There is good news on the horizon for US electric car buyers as this effort grows organically. Prices are expected to drop in the coming years as major brands roll out new models, leveraging partnerships and years of manufacturing capacity (plus cheaper batteries) to deliver mainstream vehicles. Infrastructure projects will receive bipartisan support to build charging stations along major interstate highways in addition to rural and underserved communities across the country. But what should car brands do in the face of these projects that make electric cars more accessible to the general population?

Author Geoffrey Moore, in his seminal work Crossing the Chasm, uses the sociologist Everett Roger’s Life Cycle of Technology Adoption to argue that there is a “gap” between the “early adopters” of technology and the “early majority,” who are more mainstream… a segment of the population where innovations are gaining momentum and becoming a central part of everyday life. Considering the current share of electric cars across the five variants and their price points, it’s clear that we’re only at the beginning of adoption. However, as prices fall and infrastructure improves, car marketers can take several steps to capture an early majority in the market.

Consumer Education 

The next wave of EV adoption by the early majority will occur in places other than the San Francisco Bay Area, where early adopters and EV enthusiasts tend to congregate. This requires a highly coordinated effort from car brands, dealers, and marketers. One way to implement from a digital video perspective could be to combine the elements of Level 1 and Level 3 messaging into the same creative unit, describing the features and benefits of EV ownership through a brand-centric video message while adding content for people to fill out and consult through local merchant maps and inventory. Incorporating expert content from endemic automotive websites is another proven way to build credibility and deliver valuable information that a buyer would otherwise have to gather on their own. Combining the “why” of ownership with educational content and the “how” of retailer expertise, we help early majority buyers bridge the critical knowledge gap that exists today.

Risk Reduction 

Early majority adopters are more pragmatic than early adopters, who don’t mind dealing with product defects or repairs as long as they have access to the latest technology. Early majority buyers want complete solutions, the kind that are ready to use “for example,” which is not quite the place for electric cars today (so many of these buyers may consider hybrids as a bridge vehicle before buying a battery-only electric car). Digital videos with owner experiences, trusted social influencers, fuel economy, or mileage will ease their sense of risk.

Redeeming brand equity

While Tesla currently dominates the electric car market due to its early adopter leadership, established brands have a huge opportunity to capture early majority market share. First, they are familiar units, and most buyers know some of the models through local dealers, marketing, or maybe even previous owners. This brand value resonates with the early majority, who want to deal with brands that have a proven track record of success. The importance of a strong merchant network cannot be underestimated. 

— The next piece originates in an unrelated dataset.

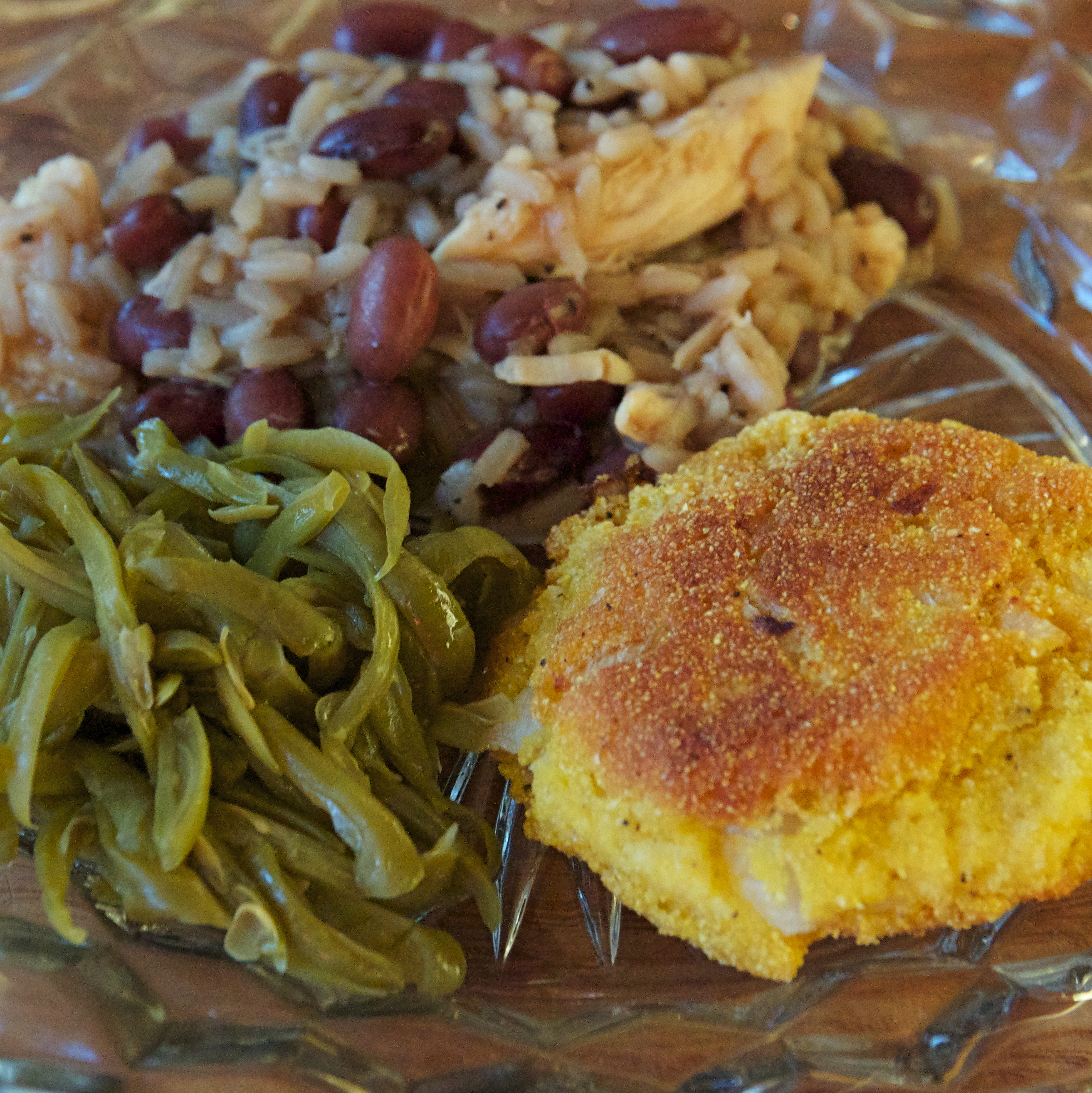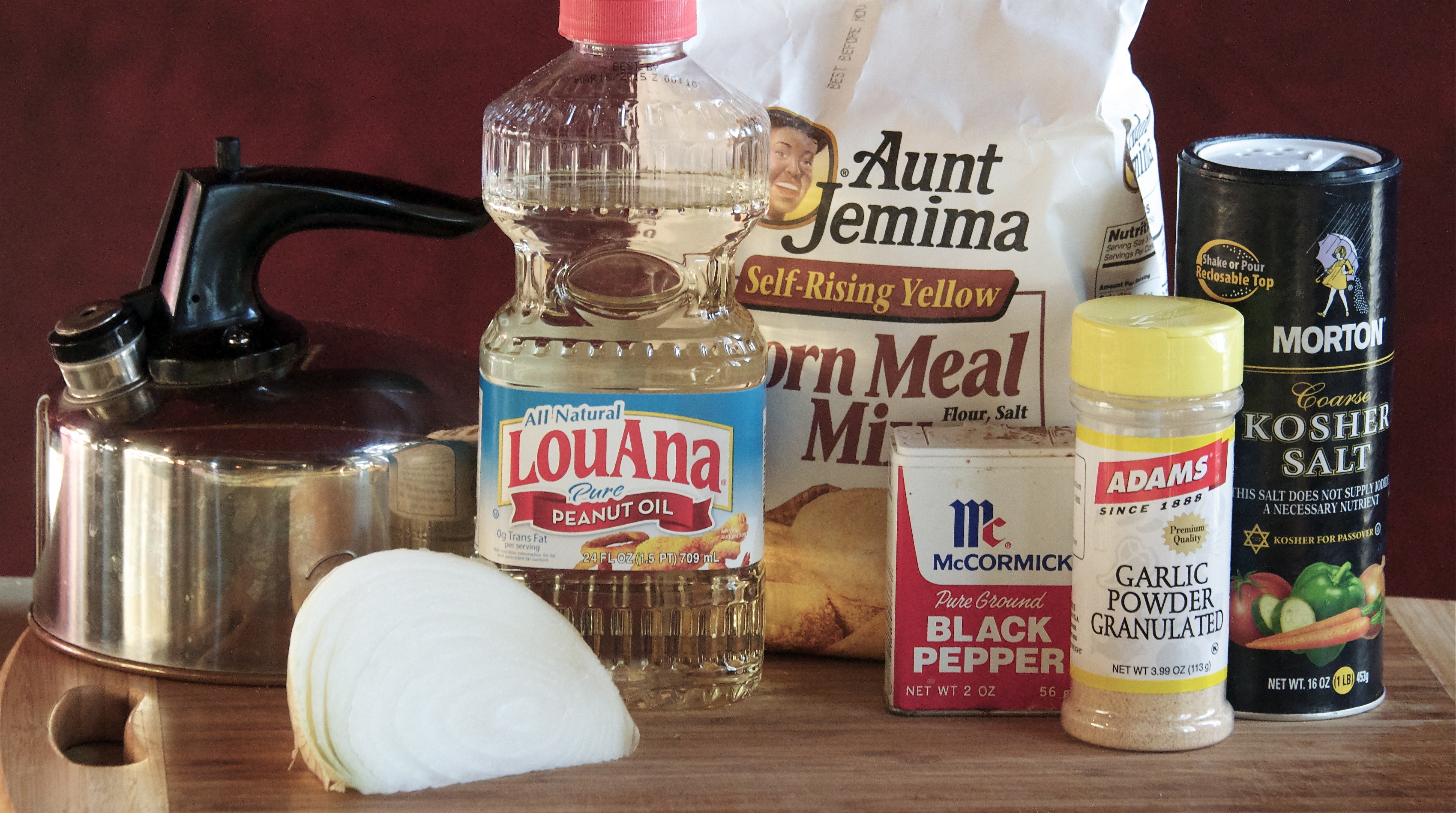 The Instructions: Combine about a cup and a half of corn meal mix with a dash of salt, a generous couple of shakes of pepper, a smidgeon of garlic powder and a handful of chopped onion. Slowly add boiling hot water and stir with a spoon until it all sticks together. Heat a little over a 1/4 inch of peanut oil in your skillet to around 400°F. Form the corn meal mixture into patties and fry until brown on the outside and done on the inside (two to three minutes each side).

A trusted local auto expert in the community provides these less experienced EV buyers with a consultant to whom they can ask questions about charging, financing incentives, range, or other concerns. That’s a big strength for established brands to take advantage of the electric car startups that have emerged in recent years.

In conclusion, it is an incredibly exciting time to be involved in the electrification of America’s vehicle fleet. As the industry moves into the next phase of adoption, it will be very different from the first, and strong connections between national brands, local retailers, and marketing partners will ensure that the early majority are well served.